» Stored data:
□ □ □ □ □
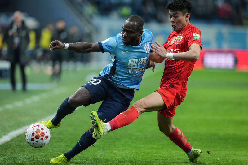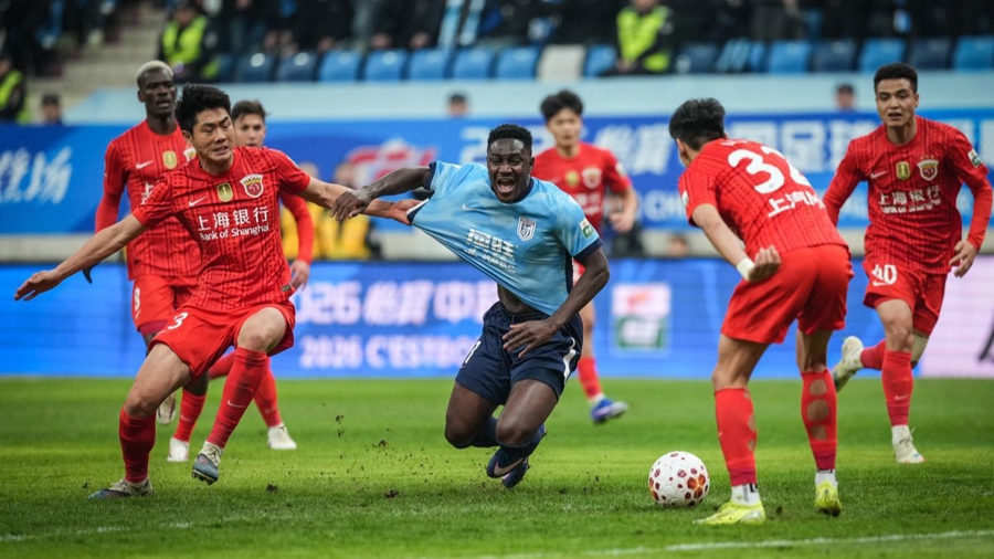 新华社照片,大连(辽宁),2026年3月20日\n 3月20日,大连英博队球员阿奇姆彭(左)在比赛中带球突破。\n 3月20日,在辽宁大连举行的2026赛季中国足球协会超级联赛第三轮比赛中,大连英博队主场1比0战胜上海海港队。\n 新华社记者 潘昱龙 摄
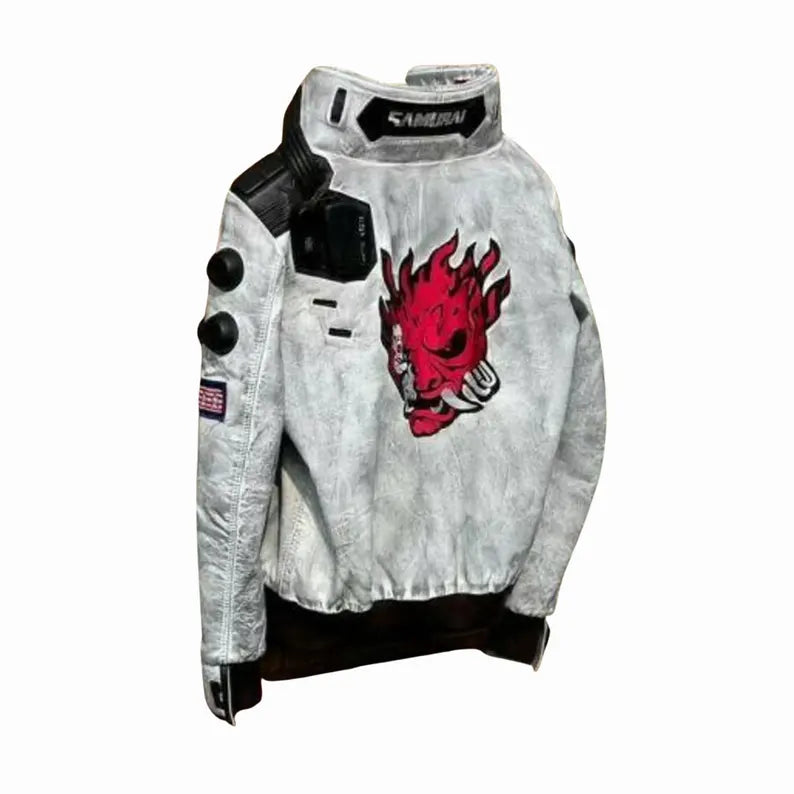 Cyberpunk 2077 White Waxed Leather Jacket – LED Collar, Samurai Embroidery
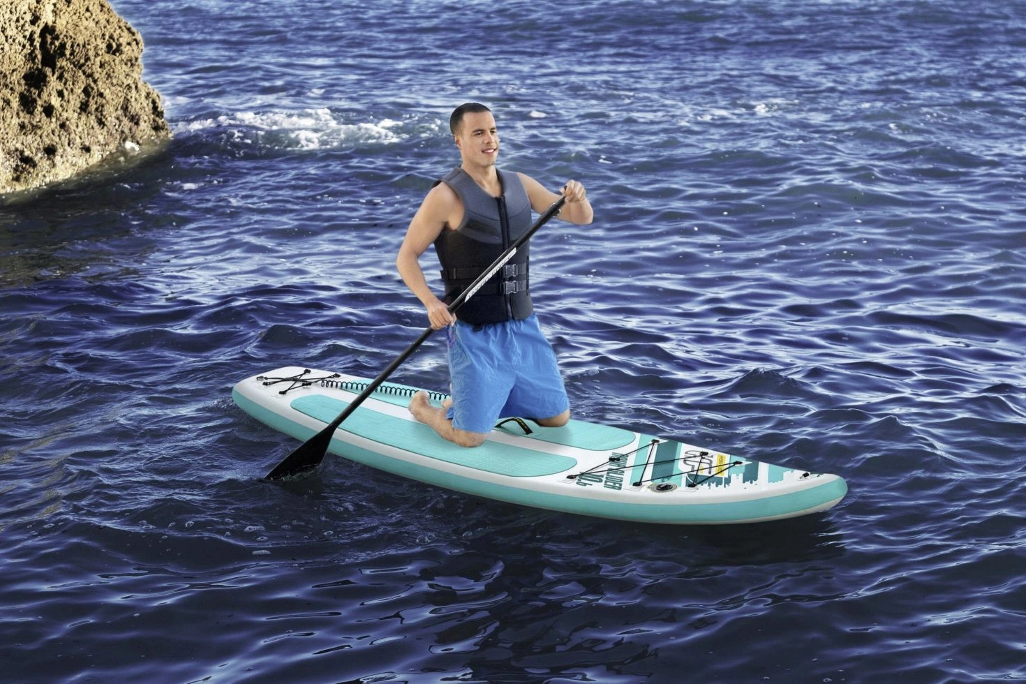 Highlights: Hohe Steifigkeit dank Dropstitch, rutschfestes Deck, spurtreu durch 2 Finnen, leicht zu transportieren, schnell aufgepumpt und platzsparend verstaut.
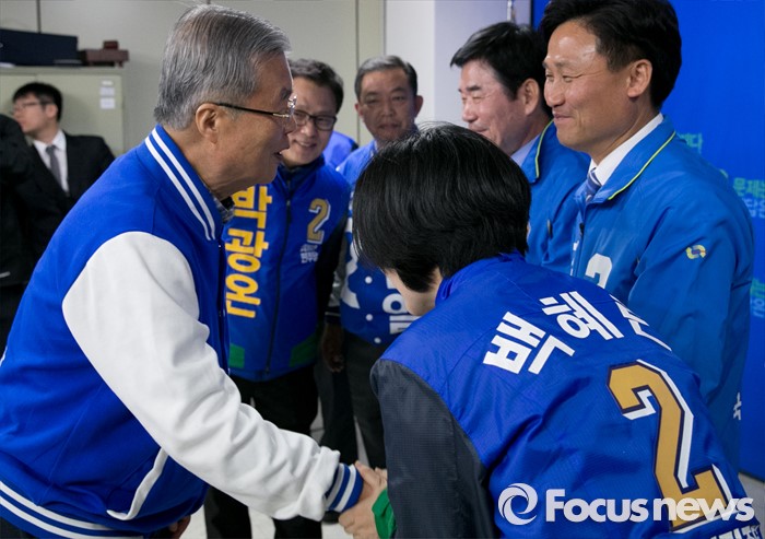 (수원=포커스뉴스) 20대 총선을 이틀 앞둔 11일 오전 수원 장안구 더불어민주당 경기도당 회의실에서 김종인 비대위 대표 겸 선대위원장이 수원 후보들과 대국민 성명 발표를 마친 뒤 인사하고 있다. 왼쪽부터 김 대표, 박광온 수원정, 이찬열 수원갑, 김진표 수원무, 김영진 수원병, 백혜련 수원을 후보.
□ □ □ □ □
» Exercise goal:
Starting at the line that holds "Highlights: Hohe Steifigkeit" and stopping at the last line of the listing above, write out each line exactly as it appears, and omit the pictures.

» Result for this exercise:
 Highlights: Hohe Steifigkeit dank Dropstitch, rutschfestes Deck, spurtreu durch 2 Finnen, leicht zu transportieren, schnell aufgepumpt und platzsparend verstaut.
 (수원=포커스뉴스) 20대 총선을 이틀 앞둔 11일 오전 수원 장안구 더불어민주당 경기도당 회의실에서 김종인 비대위 대표 겸 선대위원장이 수원 후보들과 대국민 성명 발표를 마친 뒤 인사하고 있다. 왼쪽부터 김 대표, 박광온 수원정, 이찬열 수원갑, 김진표 수원무, 김영진 수원병, 백혜련 수원을 후보.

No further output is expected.